Longer hyper-local days on market show activity is slowing. Today’s MLS and aggregator sites make it easy to search Zip codes and hyper-local communities and neighborhoods by sales and pending sales. If you subscribe to market data information from your MLS or vendors like CoreLogic or RBI, you can search by community or Zip Code to find current days on market and months’ supply data. These data will vary by the season, so month-to-month comparisons may be misleading. Get a year over year comparison by looking up days on market and months’ supply data from a year ago to determine how your market looks. If houses are taking longer to sell or if the months’ supply is larger than it was last year, those are signs that demand is not keeping up with supply and sales may be weakening and you might experience fewer sales than they were a year ago.

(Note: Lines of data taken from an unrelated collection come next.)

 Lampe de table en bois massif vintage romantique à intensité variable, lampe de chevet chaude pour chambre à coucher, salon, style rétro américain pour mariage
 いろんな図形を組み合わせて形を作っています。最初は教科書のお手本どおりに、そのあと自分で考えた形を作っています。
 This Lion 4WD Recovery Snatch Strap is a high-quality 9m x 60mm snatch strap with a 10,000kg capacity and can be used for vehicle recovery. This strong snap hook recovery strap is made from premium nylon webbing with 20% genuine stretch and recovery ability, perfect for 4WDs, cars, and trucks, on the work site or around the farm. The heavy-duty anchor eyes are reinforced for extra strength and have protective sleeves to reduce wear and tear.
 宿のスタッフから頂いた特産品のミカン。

Sale-to-list price ratios can be a tip-off.. When homes end up closing below their list prices, sellers are getting less than they hoped for their homes. Either they are settling for offers below their list prices or buyers are successfully negotiating lower prices, which reflects diminished seller confidence due to flagging demand. Market reports from RBI, CoreLogic and other vendors provide sales-to-list ratios by county, city, Zip code even community or neighborhood. Many buyers price their homes above market price in hopes of getting a windfall or strengthening their market position when negotiating with buyers. A list to price ratio of 96 percent or above, therefore, is a not a cause for concern and may be a sign that demand is strong. However, when sales to list ratios fall into the low 90s or 80s and should decline continues for a month or more, you probably see an early sign that demand is waning and sales will falter when sellers resist the pressure to cut prices.

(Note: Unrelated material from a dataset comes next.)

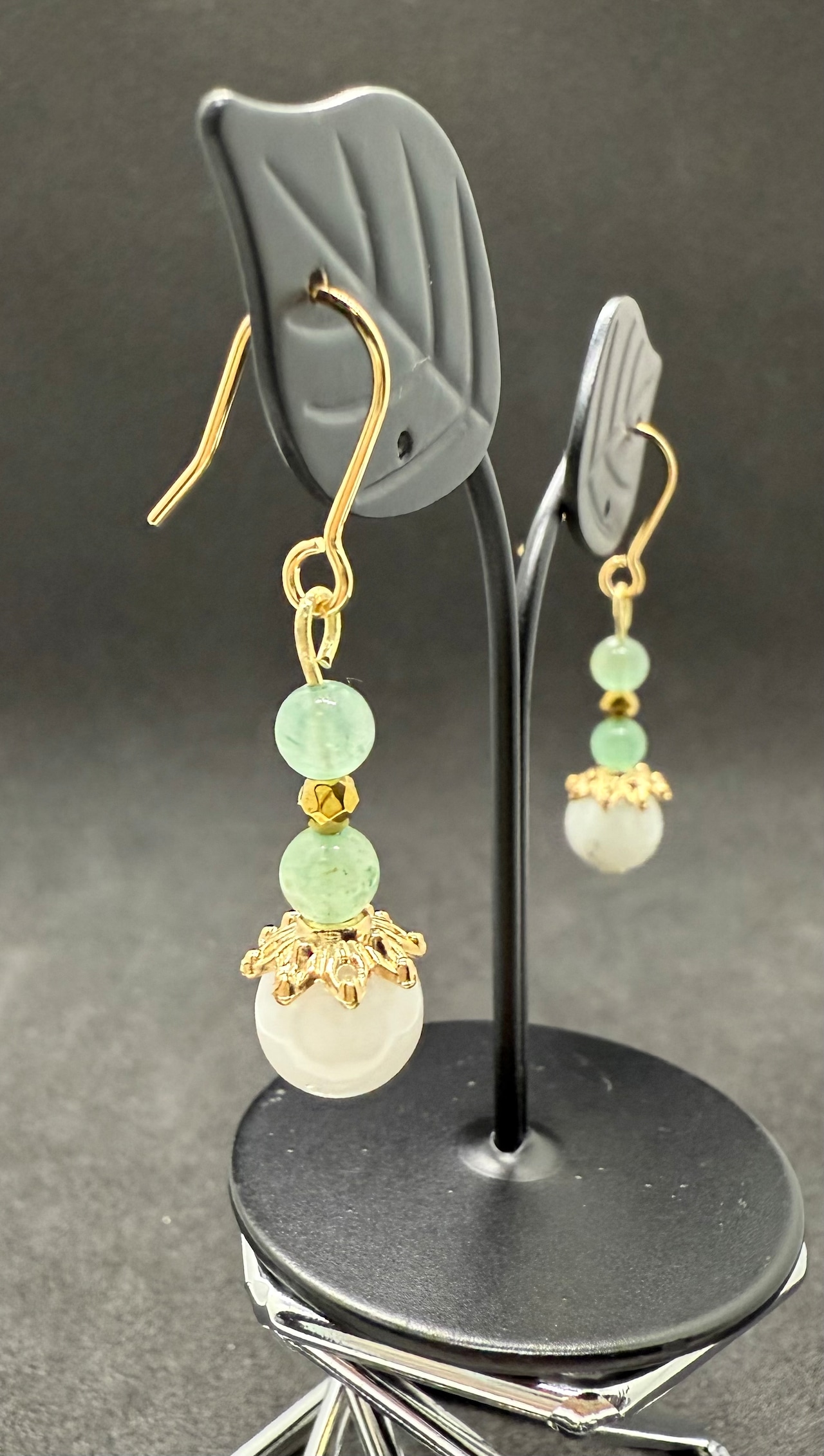 素材:ひすいとアベンチュリンビーズを使用した、ハンドメイドのピアス
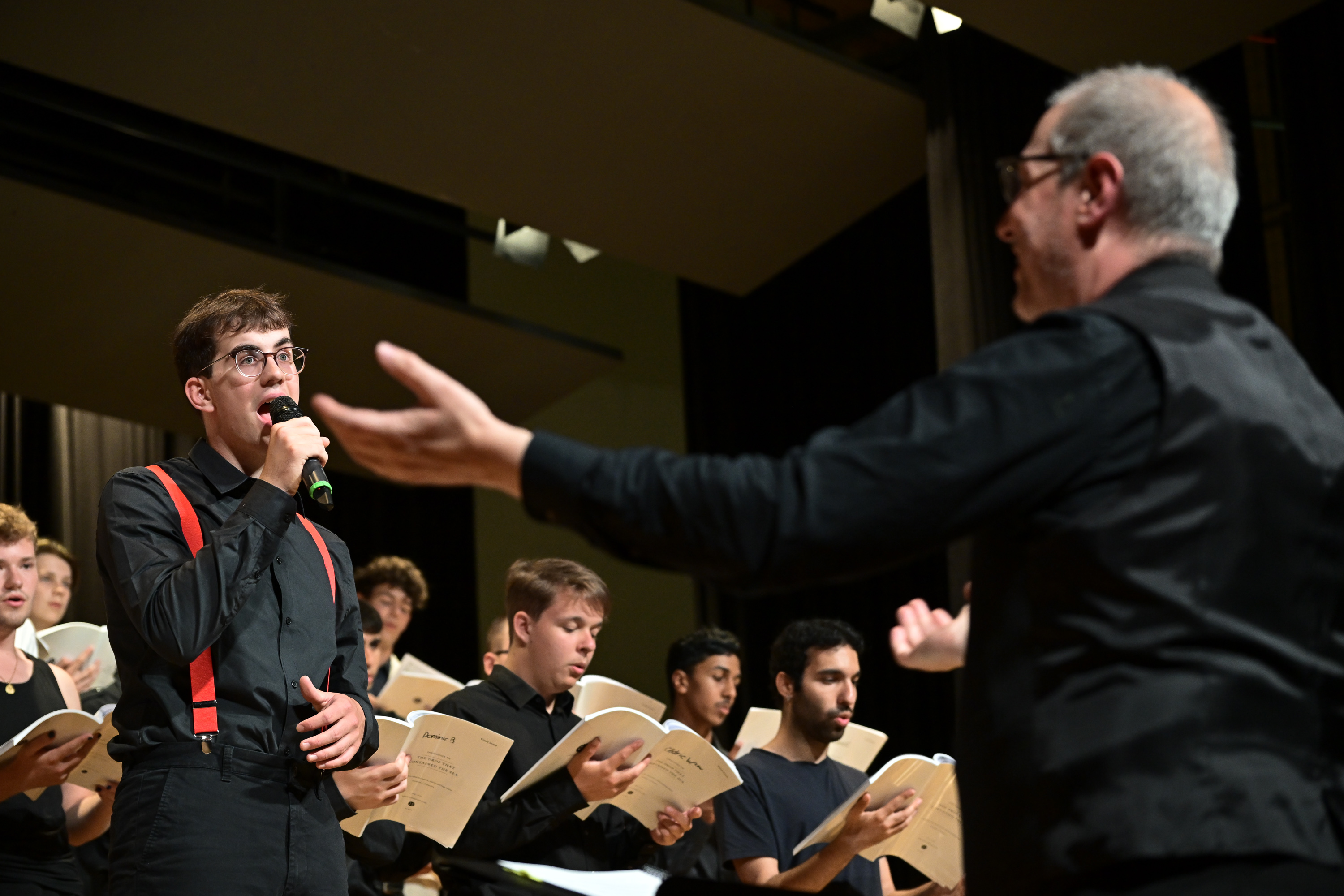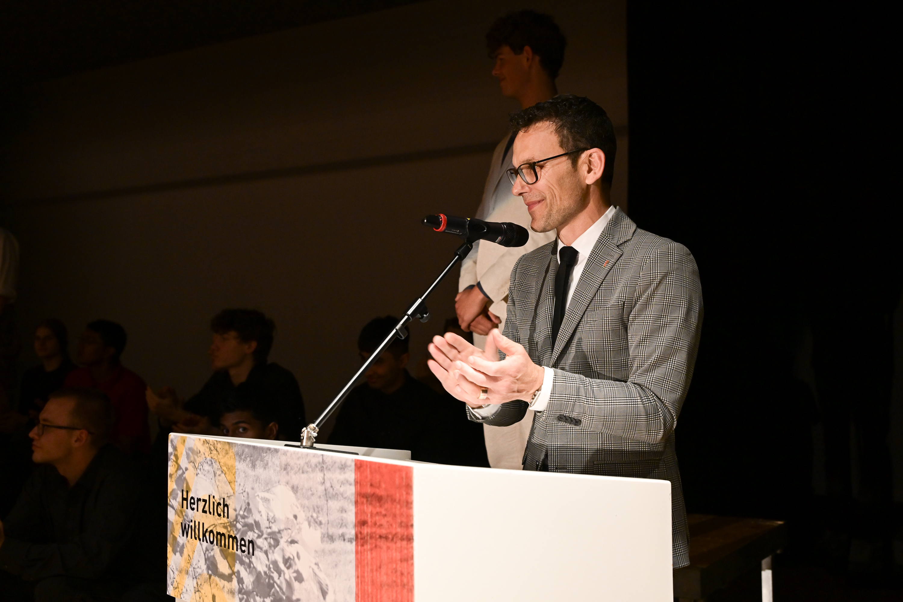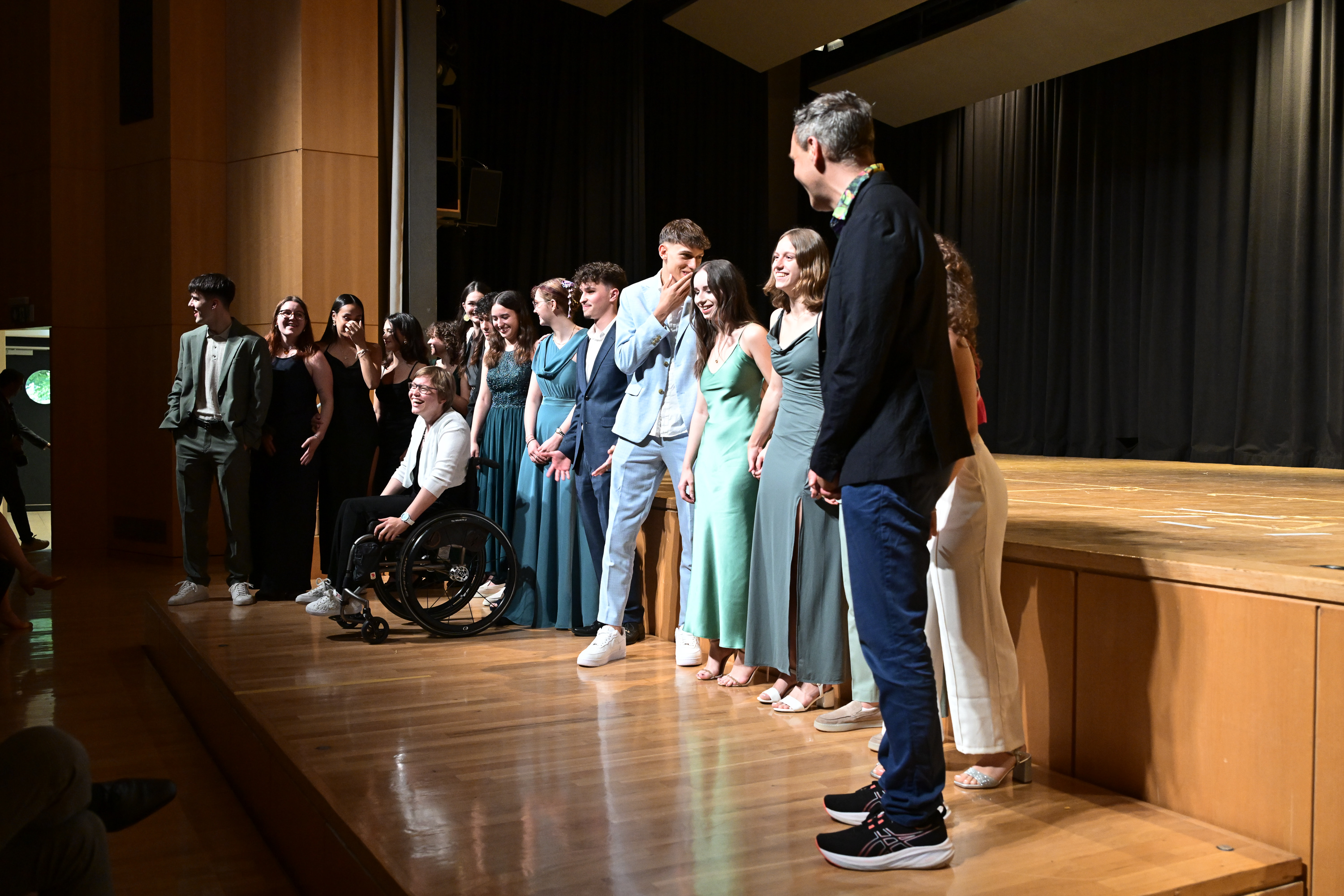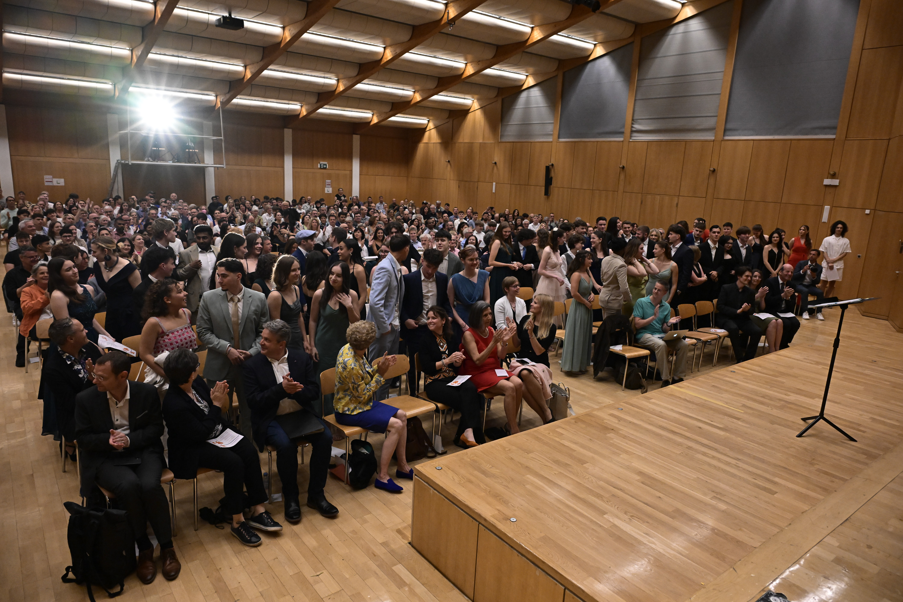 Applaus und ein Appell zugunsten der direktmenschlichen Begegnung kamen auch vom amtierenden Gesundheitsdirektor des Kantons, Regierungsrat Thomi Jourdan, der im Jahr 1993 am Gymnasium Muttenz selbst seine Matur gemacht hatte. In einem Slam-Beitrag von zwei Schülerinnen und in der Rede eines Maturanden klangen dann sarkastischere Töne an – feierlich, rhythmisch und fröhlich umrahmt von Beiträgen des Gym Chors, einer Schlagzeug-Performance und dem Musical-Wahlkurs. Bevor dieser „La Vie Bohème“ feierte, hatte die Schulratspräsidentin Susanna Käch noch das Wort ergriffen, um unserer Rektorin Brigitte Jäggi für das unermüdliche Engagement zu danken und um die besondere Leistung der ersten Frau im Amt der Rektorin eines Baselbieter Gymnasiums zu loben. Hierbei speziell erwähnt wurden die Pionierrolle des Gym Muttenz bei der Digitalisierung und die Erlangung und Bestätigung des MINT-Labels, verliehen von der Schweizerischen Akademie der Wissenschaften.

Buyer traffic creates buzz. The rise and fall of buyer interest in a local market or hyper-local market can be detected in several non-scientific ways that can give you a “feel” for what’s happening. In recent years, researchers at the National Association Realtors have experimented with lockbox data that records home showings. NAR also publishes a Traffic Index within its monthly Realtors Confidence Index report that gives a feel for buyer and seller traffic based on reports from Realtors participating in a monthly survey. I’m not aware of any MLS or local lockbox data from Supra or Sentrilock, but if local market data on showings could be aggregated and released at the local level, it would be a very helpful indicator. If you work in a large brokerage or network with other agents, you can take the temperature of local buyer traffics by keeping track of open houses and showings.
Price reductions are hard evidence. Every local market has a few sellers who get a little greedy and price their homes to far above market expectations. When they cut the price 5 percent, they are simply facing reality. When owners whose prices are close to market price medians start reducing prices, however, something serious is going on. Sales usually fall before widespread price cutting occurs, so price cutting is not an early indicator but a final confirmation that demand is not strong enough to maintain current price levels and sale will suffer until price corrections occur.